First page of Areopagitica, by John Milton
The type also matched works printed previously by Gregory Dexter. But he had been shut down in a government raid early in 1644. Soon after, Dexter left England for the colony that was to become the U.S. State of Rhode Island. The researchers don't know how Dexter's type pieces appear in Areopagitica. Possibly, Simmons or Paine bought them when Dexter's business was liquidated. As Warren and his coauthors write in the Spring 2020 edition of the journal Milton Studies, their analysis "raises nearly as many questions as it answers."
The next step will be to expand the analysis. The Milton Studies paper identified Simmons and Paine as the printer of eight other books on civil liberties, including one by Roger Williams, the founder of Rhode Island. But hundreds still lack an identified publisher. The team is investigating using deep learning, in which multiple layers inference are used to create a more sophisticated artificial intelligence, to tackle this much larger problem. They'd also like to make the analysis no longer need enhancement with human expertise, and sensitive to more subtle measures of type irregularity. This will involve 10,000 books covering all the anonymous books and every known printer across over a decade in the 1600s.
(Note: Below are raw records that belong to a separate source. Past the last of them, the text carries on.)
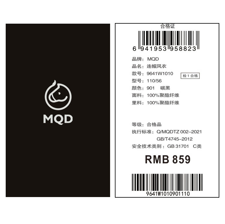 【MQD】童装男大童三防春新款户外撞色潮酷风衣外套
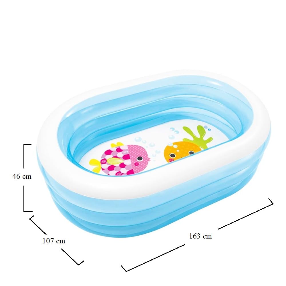 Piscina gonfiabile con misura 163x107x46 cm - Piscinetta per bambini in PVC a 3 anelli gonfiabili - Rettangolare con Pesciolini Colorati
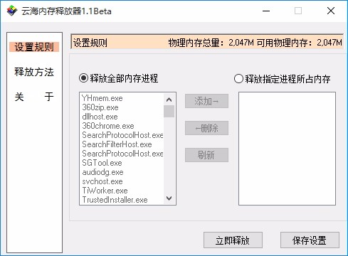 云海内存释放器是一款非常简单且实用的内存释放软件,顾名思义,通过这款软件,可帮助用户快速将软件内存进行释放,使用该软件,可帮助您轻松释放出其它应用软件在运行时没有及时释放的内存资源,能够有效保证系统运行流畅,不会出现卡顿的情况,软件界面简洁直观,操作也非常简单,只需设置释放规则,选择释放方法,一键即可释放软件内存,可一次性释放全部内存进程,也可释放指定进程的所占内存,使用起来非常方便,总之这是一款非常好用的软件,如果您有需要,那就赶快下载体验一下吧!
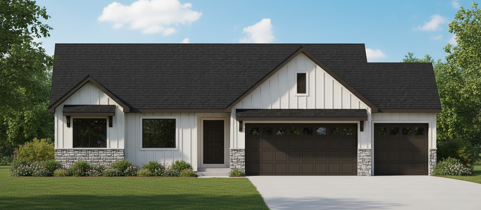 black roof black windows siding color is sw 7025 sherwin williams back drop garage door and front door are urban bronze color add trees and blue sky stone is centurion color texas ohio limestone remove front tree bigger driveway and no garage windows
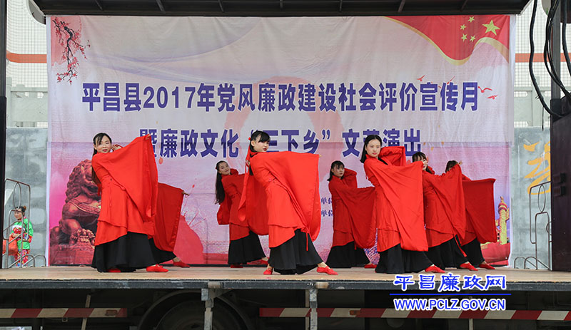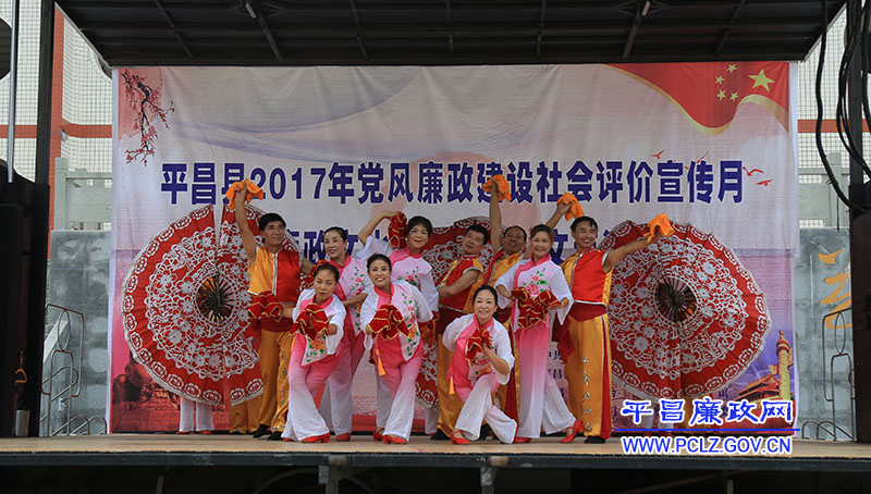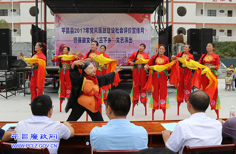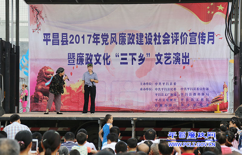 9月16日,由中共平昌县委主办,县纪委、县委宣传部、笔山镇党委等部门承办的平昌县2017年党风廉政建设社会评价宣传月暨廉政文化“三下乡”文艺演出活动走进笔山镇。给笔山镇党员干部和群众送去一顿廉政文化大餐,近2000余名党员群众观看。 文艺演出以群众喜闻乐见的舞蹈、歌曲、小品等方式展出,节目中穿插有党风廉政知识有奖问答,寓教于乐,精彩纷呈,迎得观众阵阵掌声。同时还组织县级相关涉农部门20余个,全程参与开展政策宣讲、接受咨询、现场接访、免费义诊等活动。

Such work will involve the deep-learning-specialized Bridges-AI and the future Bridges-2 system, each of which contains many coupled AI-optimized graphics processing units (GPUs) for large-scale deep learning.
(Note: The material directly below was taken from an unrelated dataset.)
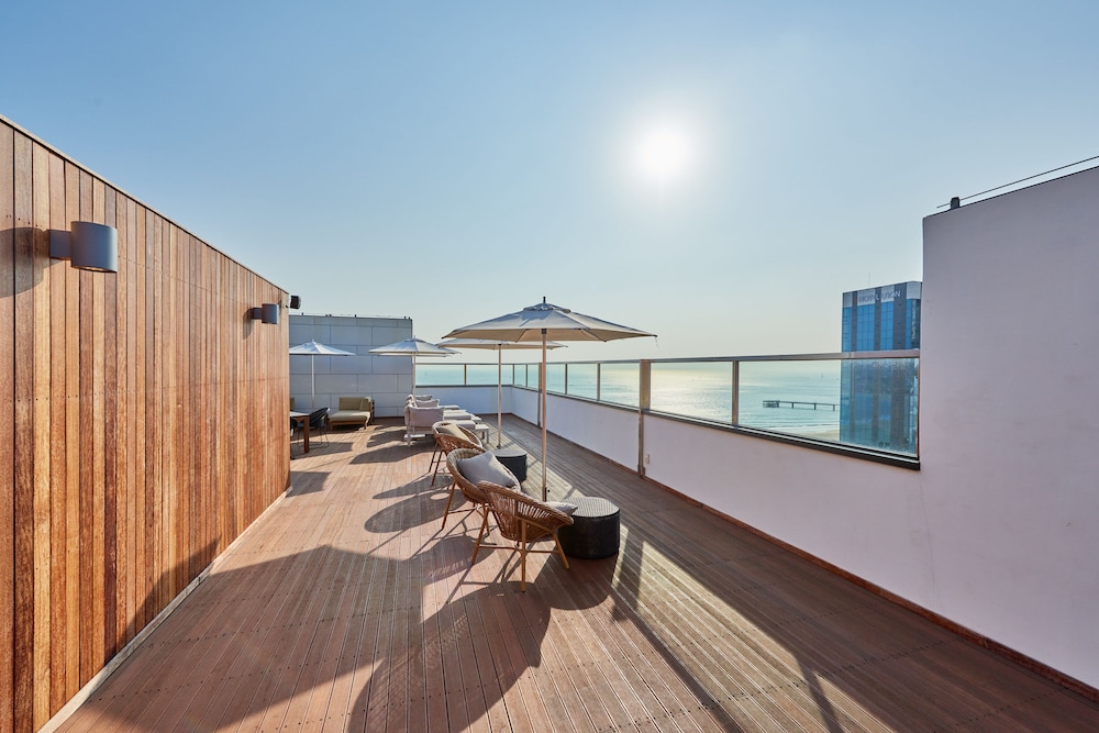 This hotel is a hard 2 stars. The positives about this hotel were the location to the beach, the bathroom was pretty nice, and the price is very cheap. The negatives of this hotel are as follows. The numbers had fallen off the doors, the flooring is concrete covered in peel and stick tiles, the bed was hard and creaky, there was so much dust under the tables and on the headboard, a charger glued on the side table that was frayed and broken, a giant dent in the wall that was made from someone slamming the table into the wall, pealing wallpaper, and they don’t make your bed or give you clean towels between nights. The pictures are for the deluxe ocean view and all the other rooms are different. They show a rooftop, but there is no way to access it. The coffee shop on the front is most likely how you access the roof, but it’s not in business. If you are only sleeping and need something cheap, it’s ok, but honestly you might not sleep well because the AC is loud and the bed is so uncomfortable. I mean at least it didn’t smell of smoke and have bugs. If you have dust allergies, don’t stay here. We ended up leaving after 1 night, even though we booked 2, and moving to an Airbnb.

Research for this publication was supported by an A. W. Mellon Digital Humanities seed grant from Carnegie Mellon University, a resource allocation from the Pittsburgh Supercomputing Center (HUM170002P), and a grant from the National Science Foundation ("Print and Probability," 1816311).
At a Glance
- In the 17th century, you could get jailed or even executed for criticizing the government of England.
- A flood of books on civil liberties, produced at great risk by anonymous printers, helped change that.
- An artificial intelligence (AI) analysis of irregular letters using the XSEDE-allocated Bridges platform has helped a Carnegie Mellon team solve the mystery of who printed nine of these seminal works.